— WORK INSTRUCTIONS —
Where an entry contains a picture, skip the picture and write out everything else exactly.

— SUPPLIED DATA —
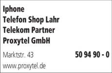 Die Adresse von Iphone, Proxytel GmbH lautet: Marktstr. 43, 77933 Lahr
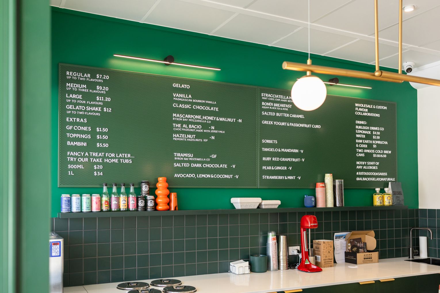 Al Bacio Gelato Naturale’s branding was done by Pennybridge Creative, with the venue brought to life by Zero 9 Constructions, nods to the coastal-meets-classic aesthetic that Burleigh does best. A little vinyl decal on the floor reads ‘as good as a kiss,’ a sweet reminder of what Al Bacio stands for – joy, authenticity and a love of life’s simple pleasures.
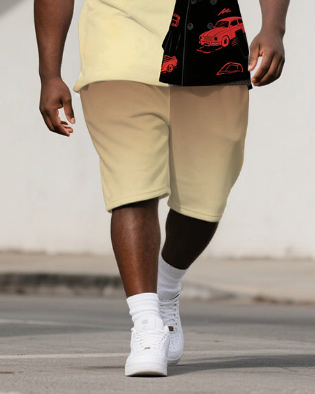 Men's Casual Detective Bear Cartoon Printed Gradient Big Size Short-Sleeve Polo Shirt Shorts Set
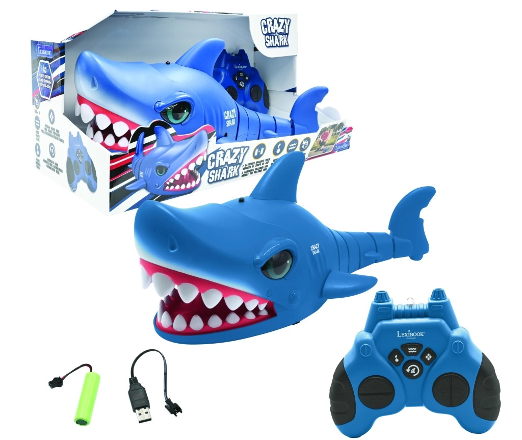 Zažite akčnú zábavu s RC hračkou Lexibook – realistický modrý žralok s pohyblivým chvostom, hudobnými efektmi a jednoduchým ovládaním. Vďaka ergonomickému ovládaču, rýchlosti až 5 km/h a odolnej konštrukcii hladko jazdí po podlahe aj vonku. V balení nájdete nabíjateľné batérie a USB nabíjací kábel pre pohodlné používanie.
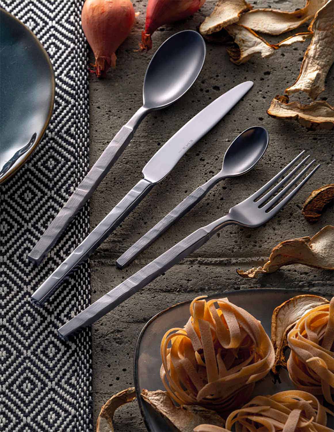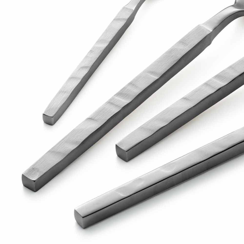 Em aço forjado, o design quadrado e a atenção funcional distinguem esta coleção de cutelaria inspirada nos modernos espaços urbanos. Os
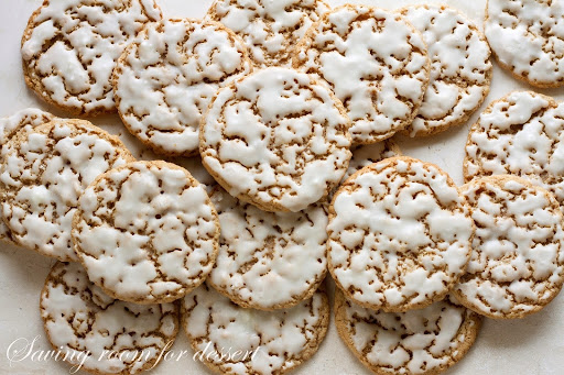 Combine the confectioners’ sugar with the milk or cream and water. Whisk until the sugar is dissolved and the icing is somewhat thick. Place the icing in a shallow dish or container, about 4×4 inches. Quickly dip the tops of the cooled cookies into the icing and let the excess drip off. Set the dipped cookie on the rack until the icing has set.
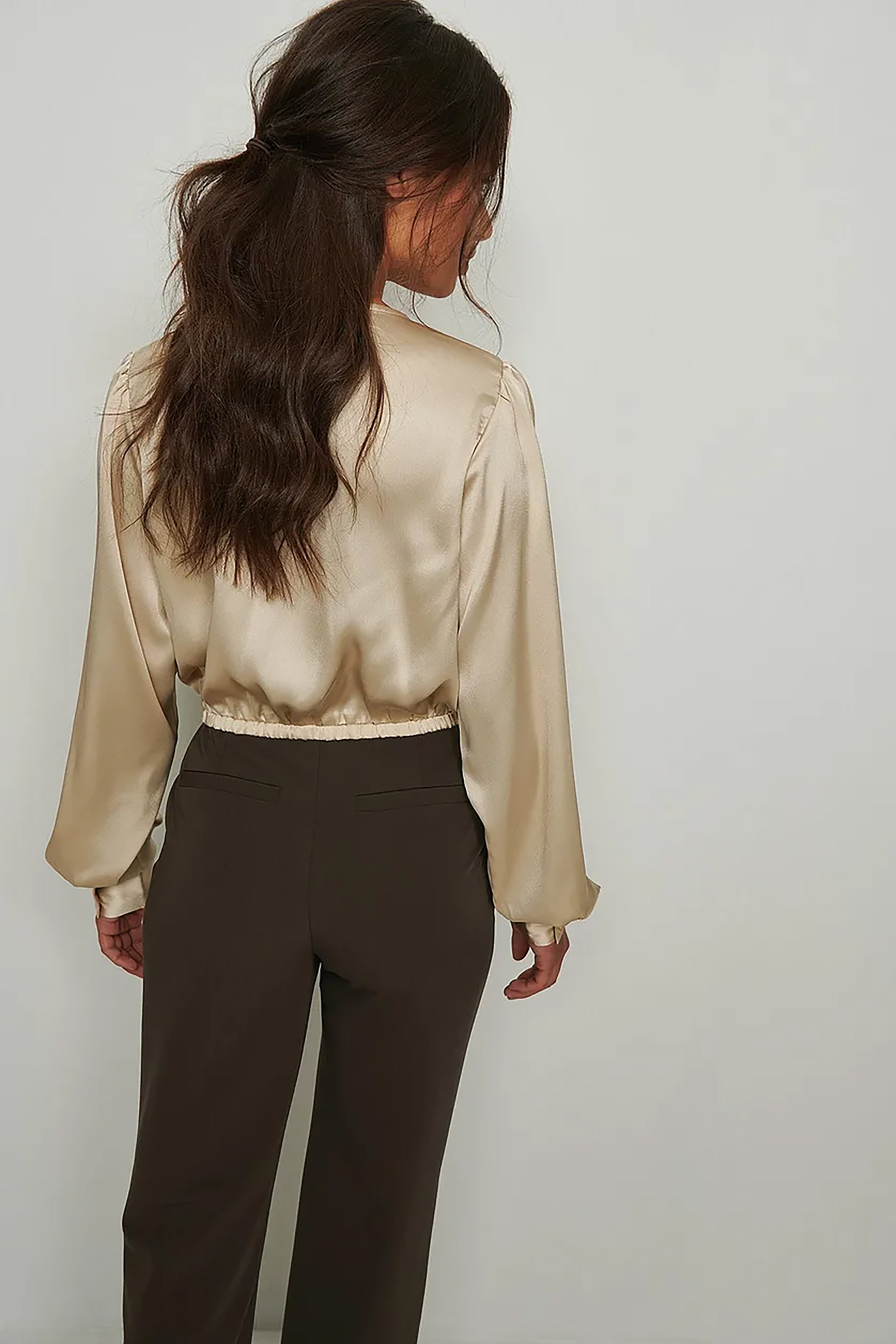 This trendy V-neck blouse design in elegant cream satin features an overlap cut, puffed sleeves, and a stretchable bottom for all-day comfort. Its modern silhouette works perfectly for professional settings while offering versatility for after-work occasions. Style it with high-waist trousers or pencil skirts for a refined, fashionable look.
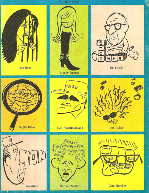 stunning caricatures, done for Sick magazine, June 1968), and his book incorporates that principle on
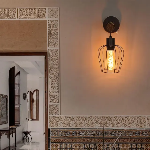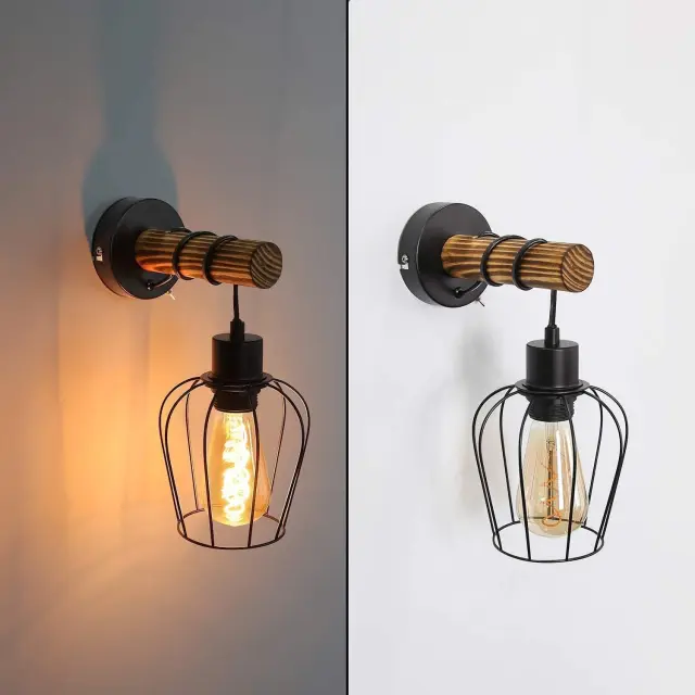 NETTLIFE notranja stenska svetilka, les vintage retro z stikalom, industrijski dizajn E27, črna stenska spot svetilka s kovino
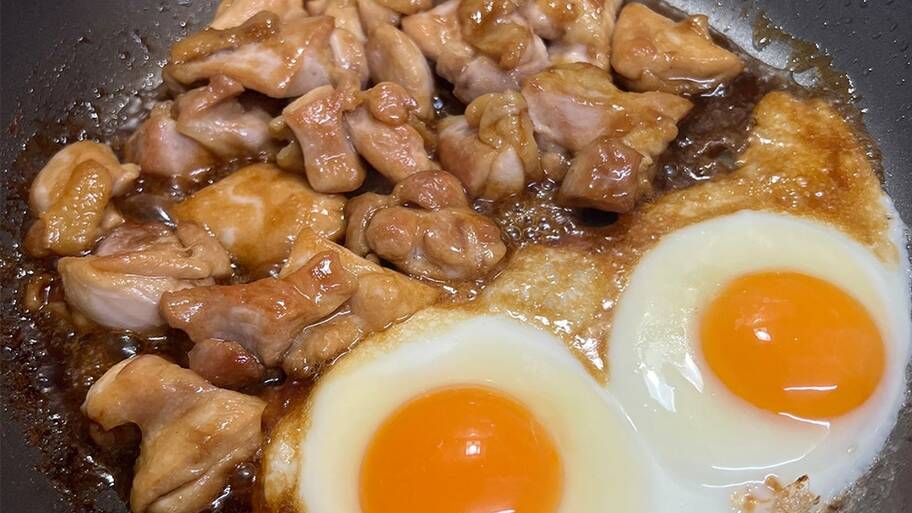 (5)ごはんに(3)をかけ、えのきたけのソテ―、半熟卵をのせ、パセリを散らす。
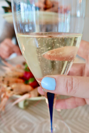 Vi fick även en festlig kväll... Prosecco i glasen och massor av skaldjur!
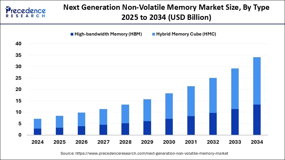 The global next generation non-volatile memory market size accounted for USD 7.14 billion in 2024 and is predicted to increase from USD 8.35 billion in 2025 to approximately USD 34.12 billion by 2034, expanding at a CAGR of 16.93% from 2025 to 2034.The growth of the market is driven by the rising need for high-speed data access and the increasing adoption of AI and IoT.
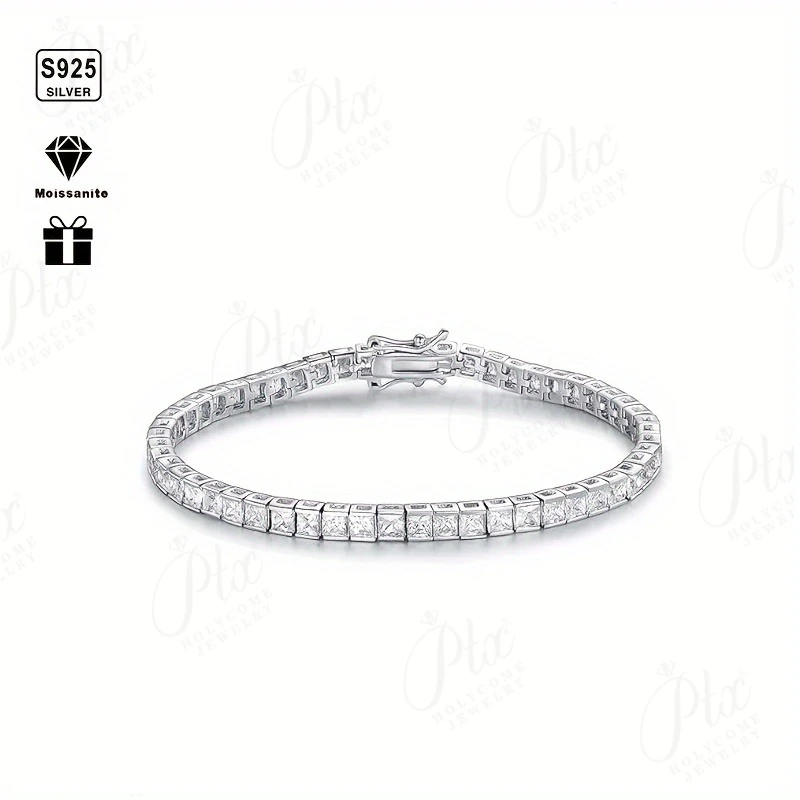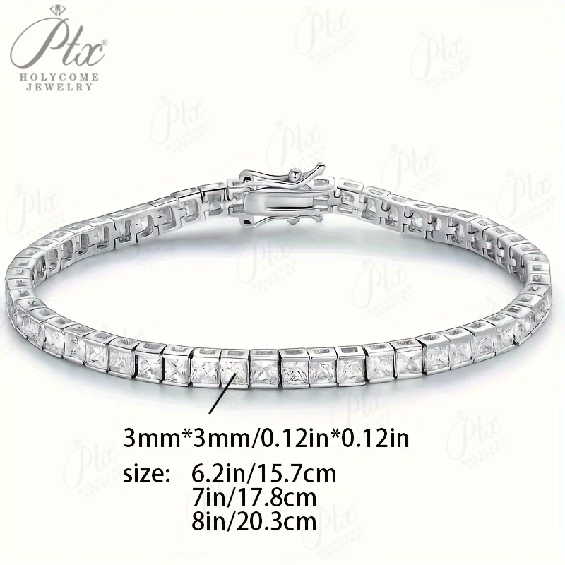 Cadena de tenis de Plata de Ley 925 con circonita cúbica, pulsera de tenis de corte cuadrado de circonia cúbica blanca de 3x3mm, regalo de joyería Unisex para hombre y mujer 2025 1

— ANSWER BOX —
 Die Adresse von Iphone, Proxytel GmbH lautet: Marktstr. 43, 77933 Lahr
 Al Bacio Gelato Naturale’s branding was done by Pennybridge Creative, with the venue brought to life by Zero 9 Constructions, nods to the coastal-meets-classic aesthetic that Burleigh does best. A little vinyl decal on the floor reads ‘as good as a kiss,’ a sweet reminder of what Al Bacio stands for – joy, authenticity and a love of life’s simple pleasures.
 Men's Casual Detective Bear Cartoon Printed Gradient Big Size Short-Sleeve Polo Shirt Shorts Set
 Zažite akčnú zábavu s RC hračkou Lexibook – realistický modrý žralok s pohyblivým chvostom, hudobnými efektmi a jednoduchým ovládaním. Vďaka ergonomickému ovládaču, rýchlosti až 5 km/h a odolnej konštrukcii hladko jazdí po podlahe aj vonku. V balení nájdete nabíjateľné batérie a USB nabíjací kábel pre pohodlné používanie.
 Em aço forjado, o design quadrado e a atenção funcional distinguem esta coleção de cutelaria inspirada nos modernos espaços urbanos. Os
 Combine the confectioners’ sugar with the milk or cream and water. Whisk until the sugar is dissolved and the icing is somewhat thick. Place the icing in a shallow dish or container, about 4×4 inches. Quickly dip the tops of the cooled cookies into the icing and let the excess drip off. Set the dipped cookie on the rack until the icing has set.
 This trendy V-neck blouse design in elegant cream satin features an overlap cut, puffed sleeves, and a stretchable bottom for all-day comfort. Its modern silhouette works perfectly for professional settings while offering versatility for after-work occasions. Style it with high-waist trousers or pencil skirts for a refined, fashionable look.
 stunning caricatures, done for Sick magazine, June 1968), and his book incorporates that principle on
 NETTLIFE notranja stenska svetilka, les vintage retro z stikalom, industrijski dizajn E27, črna stenska spot svetilka s kovino
 (5)ごはんに(3)をかけ、えのきたけのソテ―、半熟卵をのせ、パセリを散らす。
 Vi fick även en festlig kväll... Prosecco i glasen och massor av skaldjur!
 The global next generation non-volatile memory market size accounted for USD 7.14 billion in 2024 and is predicted to increase from USD 8.35 billion in 2025 to approximately USD 34.12 billion by 2034, expanding at a CAGR of 16.93% from 2025 to 2034.The growth of the market is driven by the rising need for high-speed data access and the increasing adoption of AI and IoT.
 Cadena de tenis de Plata de Ley 925 con circonita cúbica, pulsera de tenis de corte cuadrado de circonia cúbica blanca de 3x3mm, regalo de joyería Unisex para hombre y mujer 2025 1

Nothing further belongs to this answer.